Do you want to spend the rest of the summer in the North Cascades? We will have un-paid internship opportunities opening in July. Housing and stipend provided.

 

Working with Glacier Peak Institute is a unique opportunity to work with outdoor education and recreation in a beautiful mountain community!  Located in the heart of the Cascade Mountains, Glacier Peak Institute (GPI) empowers youth, community and ecosystems to prosper and cultivate a shared resilient future through action-based education. GPI provides STrEaMs (Science, Technology, Engineering & Math experienced through recreation and art to gain skills) based education to rural youth. At GPI you will contribute to the lives of disadvantaged youth and build resilient communities and ecosystems. Past partners include: The Wilderness Society, Washington Department of Fish and Wildlife and Washington State University.

 

We are seeking interns to help rural at-risk youth build resilience and connect with the outdoors through Glacier Peak Institute. These positions are vital to our capacity to serve youth. We work with the interns to design an experience to make the value reciprocated.

  1. Summer Recreation Program Developer Intern
  2. Organization Development Intern

As of now, there is only one paid (at part-time) employee of Glacier Peak Institute. This is possible as GPI is supported by a team of community volunteers.  Every hour working with GPI, is one more hour we can spend introducing youth to the outdoors, developing urban/rural connections and creating a lasting difference. We have brought together a great group of organizations and partners including Seattle University, Washington State University, The Wilderness Society, and Washington State Department of Fish and Wildlife. The volunteers and I have done all of this on a shoe string budget. To continue and improve our programming we need your help.

 

Why Glacier Peak Institute?

We are empowering youth through action based education to build resilient rural communities and ecosystems encompassing the GlacierPeak region. We develop recreation, STEM and conservation programs for schools and youth in at risk communities.

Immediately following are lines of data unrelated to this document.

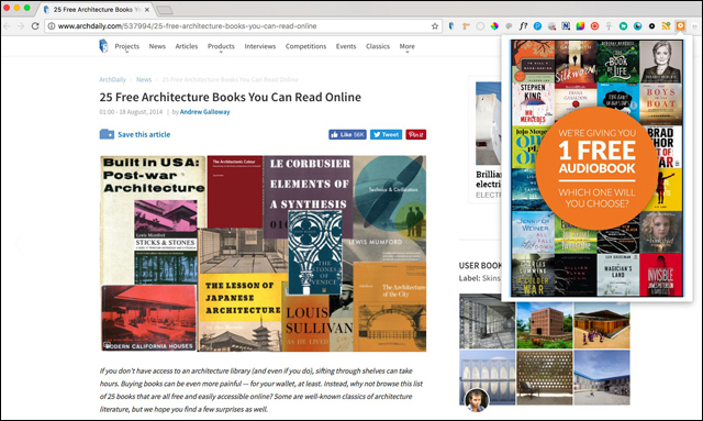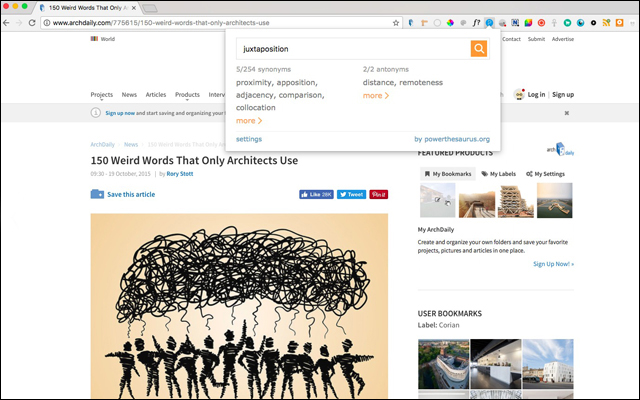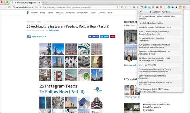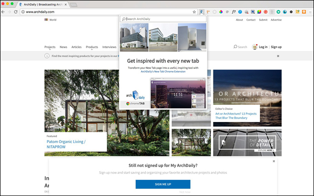 ArchDaily ima svoj Google Chrome dodatak koji optimizuje pretragu preko široke baze koju poseduje – tu se nalaze mnogi arhitektonski i građevinski projekti, dela, informacije o arhitektama, materijalima i sl.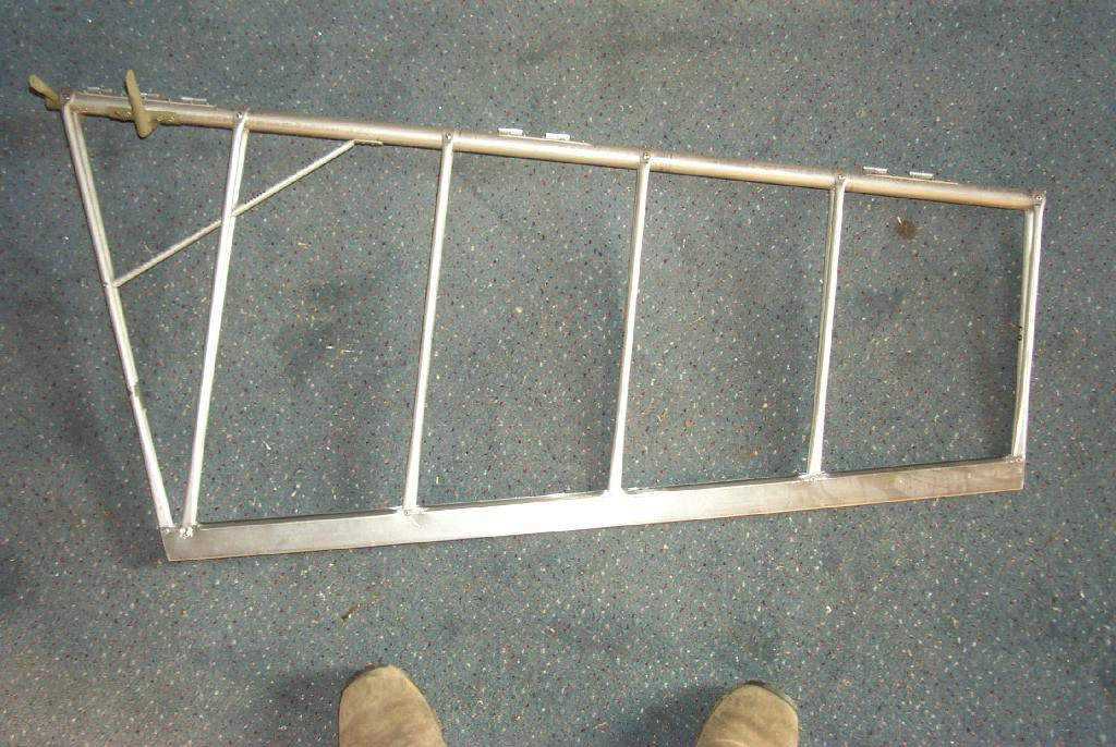 Somewhat later, after banging my head, again, on the fuselage weldment of the Cumulus that hangs from the ceiling of the garage, it occured to me that the empennage components could be welded 4130 just as well as riveted aluminum. The cumulus tail feathers are welded, not a pop rivet in sight. Even the hinges are welded to the structures.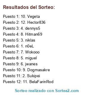 Lista de participantes: 1. n0eL, 2. Sukipei, 3. niklas, 4. dennys5, 5. miguel, 6. jwanes, 7. Wokooo, 8. Hitman69, 9. Dogmasakre, 10. Vegeta, 11. BelaFarinRod, 12. Hector836.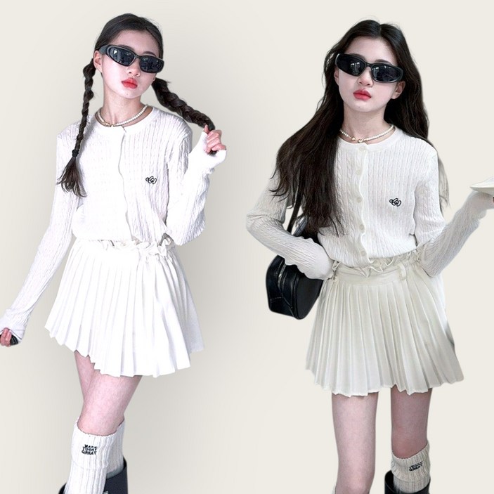 해피팡팡 봄 가을 아동 주니어 꽈배기 가디건 플리츠스커트 투피스 세트 화이트코코 트윈셋 140170호 초중생 가을 투피스 추석 설날 여아 상하의세트 여아상하복세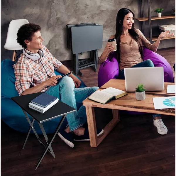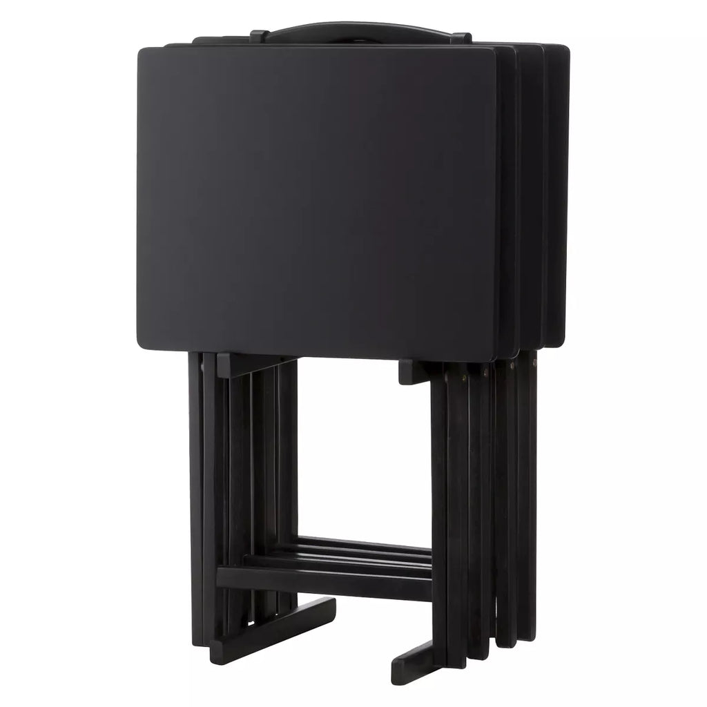 Note: this is for one set of 4 tv trays with stand, not in original packaging but all the hardware is in the original packaging. There are some slight cosmetic imperfections on the black finish just from open packaging, see pic for example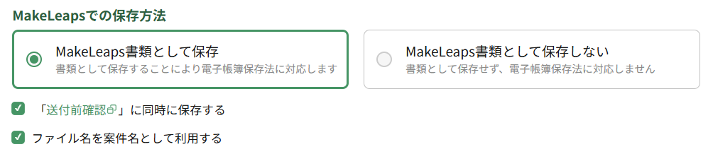 以下からは、それぞれMakeLeaps書類として保存するケースと保存しないケースに分けて説明します。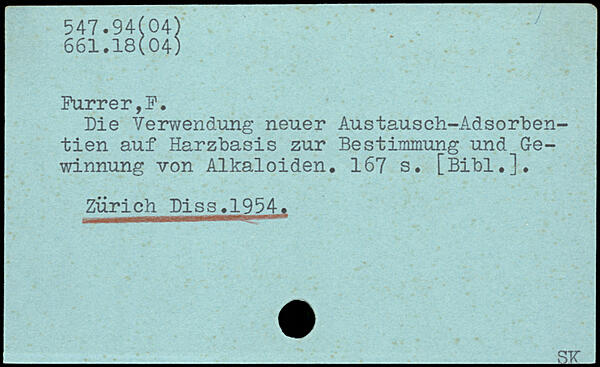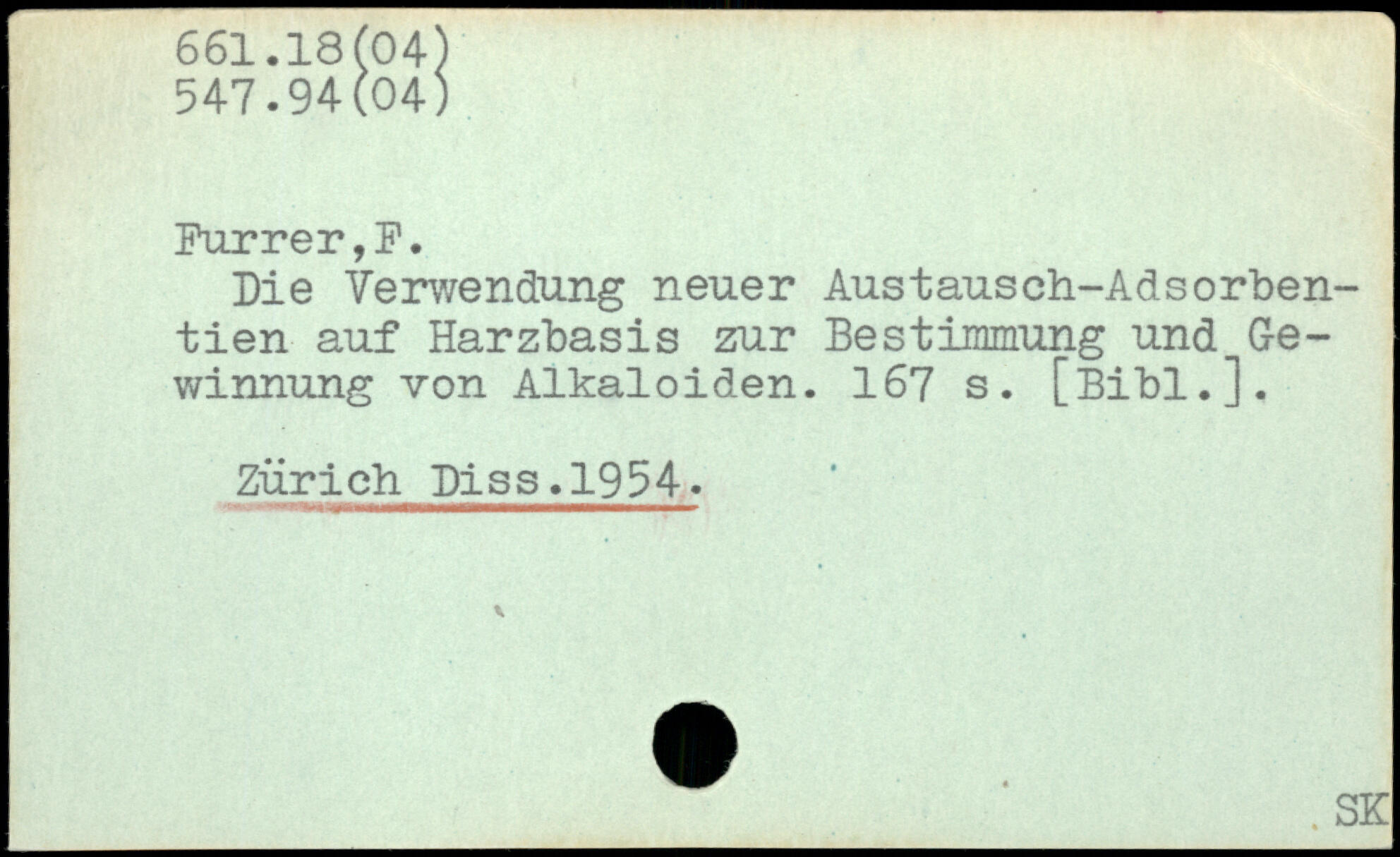 Die Verwendung neuer Austausch-Adsorben-tien auf Harzbasis zur Bestimmung und Gewinnung von Alkaloiden.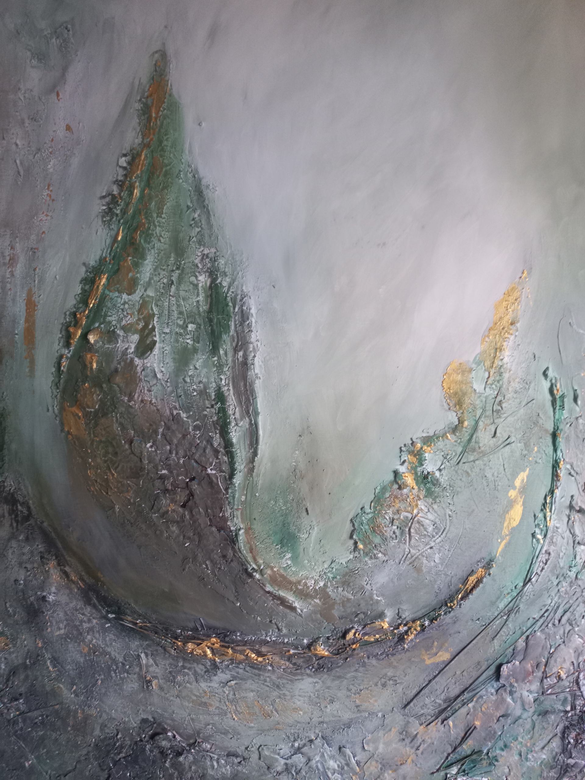 Acryl, mixed media. Diverse natuurlijke materialen zijn verwerkt in het schilderij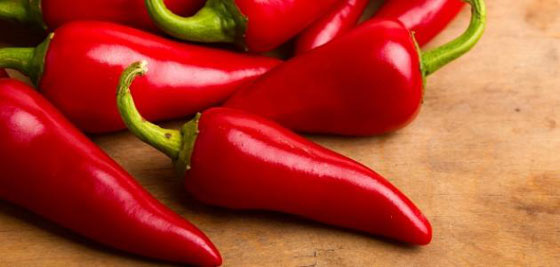 2- الفلفل الأحمر: الفلفل الأحمر الذي يستخدم في الطبخ، له تأثير مسكن على الصداع النصفي، والألم في المنطقة الخلفية من الرأس، حيث يحتوي الفلفل الأحمرعلى مادة الكابسين. بطبيعة الحال، إذا كنت تصابين بالصداع كثيرا، يمكنكِ إضافة الفلفل الأحمر الحار إلى الطعام. ولكن في حالة الأزمة أو الحساسية من الأطعمة الحريفة. خففي ملعقة صغيرة من الفلفل الحار في كوب من الماء الدافئ، ثم إخلطي جيدا لكي لا يظل الفلفل في قاع الكأس، وضعي قطعة من القطن في هذا المحلول مع الحرص على أن تكون مبللة جيدا بالفلفل وضعيها في فتحات الأنف، إلى أن تشعري بالحرارة. العلاج ليس لطيفاً ولكنه يسمح بالتخلص من الصداع. ونحذر من إستخدام هذه الوصفة لمن لديهم حساسية جلدية من الأطعمة الحارة.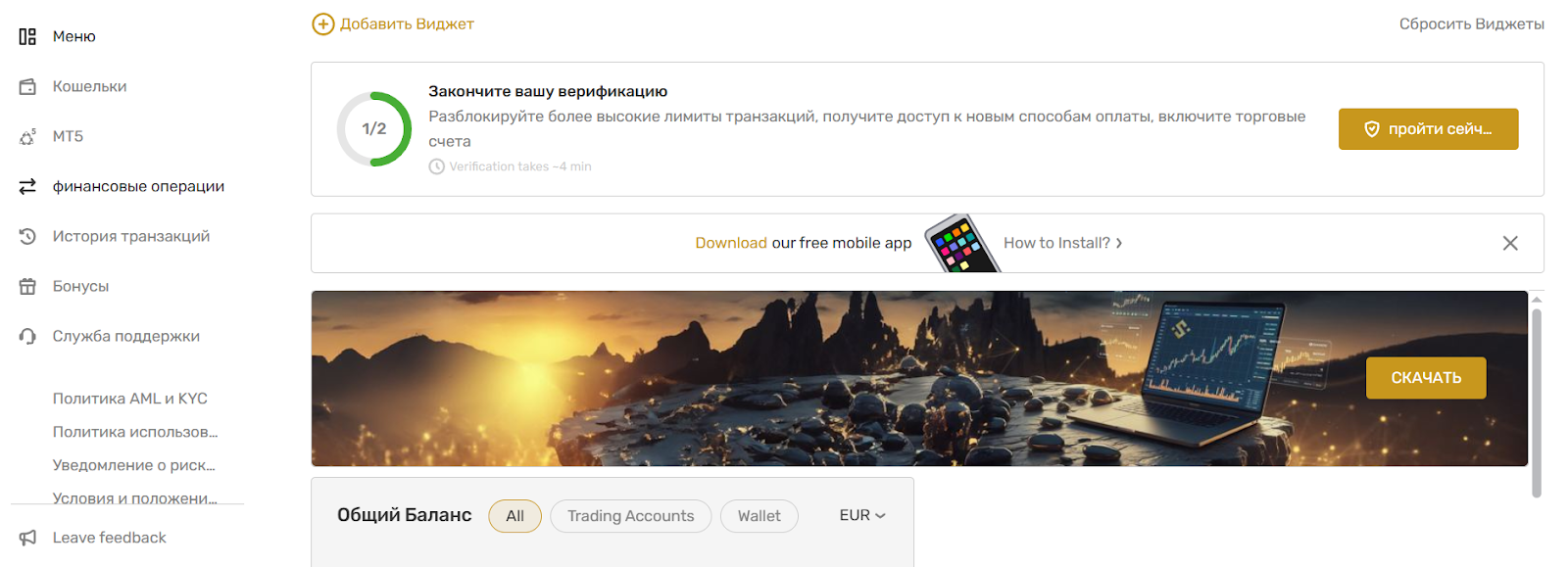 После создания счета дают ссылки на скачивание программы для разных устройств, а также на главную страницу в панели управления Stri For можно добавить различные виджеты. Есть раздел с бонусами, хотя во время проверки доступных не было, а также представлена возможность создать тикет для службы поддержки, но больше ничего в личном кабинете нет.

After the Oso landslide killed 43 community members, GPI was created to support long term change and recovery for rural communities. Before the slide, we felt our hands were tied as we watched community members suffer from overdoses, drunk driving, murders, suicides, jail sentences, rise in domestic abuse, rise in crime, rise in drug use, decline in jobs and the declining enrollment of our schools. Furthermore, despite being surrounded by forests and mountains, youth were spending less time recreating outdoors following the national trend of a decrease in outdoor activity by 50% since 2001.  There were no programs being offered to get local youth recreating in their own backyard.

 

Social and Environmental Justice:

Darrington is an undeserved and underrepresented community. It has the highest special needs and poverty rates of a school district in Snohomish County. The kids are at high-risk in multiple datasheets for substance abuse, academic failure, crime, suicide, mental health and victims in Child Protective Services referrals. Despite being the most timber dependent community, Darrington receives only $1,400 or 0.2% of the annual $700,000 that Snohomish County received from Secure Rural Schools to help timber depressed communities. Hundreds of thousands go to relatively wealthy urban school districts with the highest paid teachers in the state. Funding for other schools increased as did their enrollment. Darrington’s has decreased as have the programs offered. Since 2008, the communities near the freeway have seen an increase in their economy, while Darrington has seen an increase in poverty and decreasing household incomes.

 

A guiding reason for why we began Glacier Peak Institute was the lack of inclusion of rural youth in environmental education programs. Other programs bring suburban and urban youth to the mountains, but do not include the at-risk youth who live in these mountains. We wanted to offer opportunities to these youth while building connections with other communities who are also undeserved. We see GPI’s programming as an example to be emulated by other rural communities on the west slope of the Cascades who face similar problems. We began GPI to connect youth with place and see possibilities for their future.

 

Often rural and urban are pitted against each other.  Glacier Peak Institute is empowering our youth to connect with and solve the environmental problems of today through bringing the rural and urban communities together to experience the outdoors.